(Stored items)
+---+
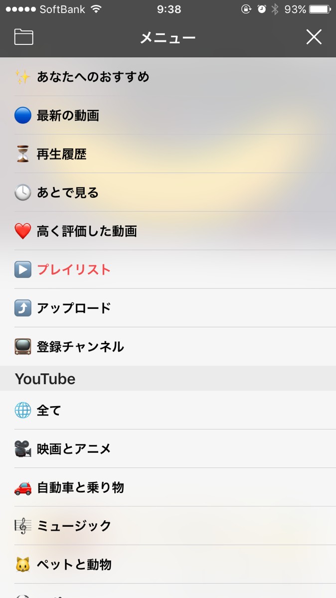 画面の左上のアイコンをタップ。YouTubeとの連携やメニューやカテゴリの並べ替え、画質の切り替え、フォントの大きさ、自動的に次の動画の再生のONOFF、画面の夜間モードの設定ができます。
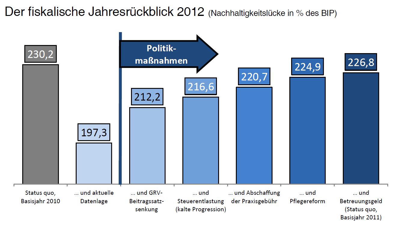 Die neuesten Ergebnisse der Generationenbilanz zeigen eine Stagnation der deutschen Gesamtverschuldung (Nachhaltigkeitslücke) im Vergleich zum Vorjahr. Die Chance eines deutlichen Schuldenabbaus, die in den letzten Monaten bestanden hätte, wurde von der Bundesregierung durch ökonomisch fragwürdige und kostspielige „Geschenke“ – Betreuungsgeld, Abschaffung der Praxisgebühr und Pflegereform – zunichte gemacht. Eine Analyse der Wahlprogramme im Vorfeld der Bundestagswahl zeigt zudem, dass eine Fortsetzung dieser problematischen Politik droht, egal wie sich die neue Bundesregierung zusammensetzt.
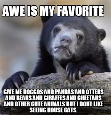 Create Funny Awe is my favorite Give me doggos and pandas and otters and bears and giraffes Meme
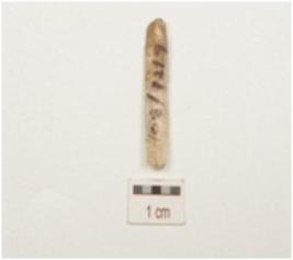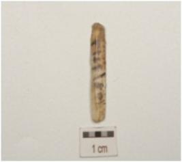 | Description / विवरण | Fragment of blade made of chalcedony, 2 ridge on dorsal, prepared paltform on proximal end and cutting edges with use wear marks. |
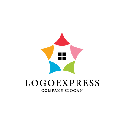 星は、目標、夢、そして未来への道標を象徴し、企業が顧客の夢の実現をサポートし、輝かしい未来へと導く存在であることを表現します。家は、安心感、温もり、そして家族を象徴し、企業が顧客に安全で快適な住環境を提供することへの想いを表現します。多様な色使いは、多様性、個性、そして創造性を象徴し、企業が様々な価値観を尊重し、顧客それぞれのニーズに合わせたサービスを提供することを表現します。不動産会社、住宅メーカー、子供関連施設など、安心、温もり、そして夢をアピールしたい企業に最適です。
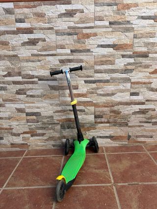 Patinete de tres ruedas para niños y niñas. Ideal para iniciarse en el mundo del patinaje. - Plataforma de color verde. - Ruedas delanteras verdes y trasera negra. - Manillar ajustable en altura.
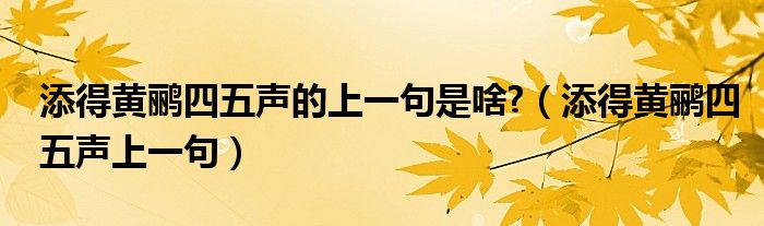 大家好,小晋来为大家解答以下问题,关于添得黄鹂四五声的上一句是啥?,添得黄鹂四五声上一句很多人还不知道,今天让我们一起来看看吧!
+---+
* _Directions for this task_
Set down the records precisely as they appear. Any picture stays out.

* _Response_
 画面の左上のアイコンをタップ。YouTubeとの連携やメニューやカテゴリの並べ替え、画質の切り替え、フォントの大きさ、自動的に次の動画の再生のONOFF、画面の夜間モードの設定ができます。
 Die neuesten Ergebnisse der Generationenbilanz zeigen eine Stagnation der deutschen Gesamtverschuldung (Nachhaltigkeitslücke) im Vergleich zum Vorjahr. Die Chance eines deutlichen Schuldenabbaus, die in den letzten Monaten bestanden hätte, wurde von der Bundesregierung durch ökonomisch fragwürdige und kostspielige „Geschenke“ – Betreuungsgeld, Abschaffung der Praxisgebühr und Pflegereform – zunichte gemacht. Eine Analyse der Wahlprogramme im Vorfeld der Bundestagswahl zeigt zudem, dass eine Fortsetzung dieser problematischen Politik droht, egal wie sich die neue Bundesregierung zusammensetzt.
 Create Funny Awe is my favorite Give me doggos and pandas and otters and bears and giraffes Meme
 | Description / विवरण | Fragment of blade made of chalcedony, 2 ridge on dorsal, prepared paltform on proximal end and cutting edges with use wear marks. |
 星は、目標、夢、そして未来への道標を象徴し、企業が顧客の夢の実現をサポートし、輝かしい未来へと導く存在であることを表現します。家は、安心感、温もり、そして家族を象徴し、企業が顧客に安全で快適な住環境を提供することへの想いを表現します。多様な色使いは、多様性、個性、そして創造性を象徴し、企業が様々な価値観を尊重し、顧客それぞれのニーズに合わせたサービスを提供することを表現します。不動産会社、住宅メーカー、子供関連施設など、安心、温もり、そして夢をアピールしたい企業に最適です。
 Patinete de tres ruedas para niños y niñas. Ideal para iniciarse en el mundo del patinaje. - Plataforma de color verde. - Ruedas delanteras verdes y trasera negra. - Manillar ajustable en altura.
 大家好,小晋来为大家解答以下问题,关于添得黄鹂四五声的上一句是啥?,添得黄鹂四五声上一句很多人还不知道,今天让我们一起来看看吧!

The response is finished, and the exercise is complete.